Protes, Guru Linier SMKN 1 Gabuswetan Diberhentikan, Tak Linier Bertahan

  • Bagikan

KABARPANTURA.ID – Aturan terkait linieritas guru memang sangat diperlukan untuk meningkatkan profesionalitas kerja.

Melalui sistem tersebut, diharapkan tidak ada lagi guru yang tak menguasai materi pelajaran di kelas.

Linier yang dimaksud, kesesuaian antara bidang studi pada ijasah dengan bidang studi sertifikasi guru.

Hal berbeda terjadi di Kecamatan Gabuswetan Kab.
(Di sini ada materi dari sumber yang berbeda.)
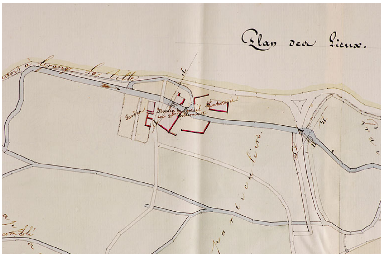
Plainte du sieur Vuilleminot, maire et meunier à Granges le Ville, contre le moulin de Veuve Viron [plan de situation]. 70, Granges-la-Ville R.D. 93

Plan, lavis, coul, échelle 1 : 1250, 1829, par Müntz (ingénieur civil). Lieu de conservation : Archives départementales de la Haute-Saône, Vesoul. Cote : 277 S 30

Indramayu.

Di Sekolah Menengah Kejuruan Negeri (SMKN) 1 Gabuswetan justru guru linear malah diberhentikan tanpa alasan yang jelas.

Sebaliknya, guru tak linier tetap dipertahankan alias tak diberhentikan.

Disampaikan Hadi Supriyatno yang juga guru honorer mata pelajaran Bahasa Inggirs.

Ia mengaku kecewa setelah diberhentikan oleh kepsek yang disebutnya sewenang-wenang.

“Terkait linier, justru banyak guru di SMK Negeri 1 Gabuswetan yang belum linier, tapi malah dipertahankan,” kata dia, Sabtu (6/2).

Ia mengaku heran jika guru yang linier seperti dirinya malah diberhentikan secara lisan tanpa dasar.

“Saya jelas pelajarannya linier, tapi kenapa diberhentikan?,” ujar Hadi Supriyatno seraya mengatakan ada empat guru yang diberhentikan tanpa alasan.

Kemudian, Hadi mempertanyakan soal Surat Keputusan honorer yang sudah diterimanya termasuk Surat Edaran (SE) peraturan baru soal linieritas.

Ia mengatakan, Kepsek SMKN 1 Gabuswetan, Carudin beralasan jika itu telah sesuai peraturan yang baru.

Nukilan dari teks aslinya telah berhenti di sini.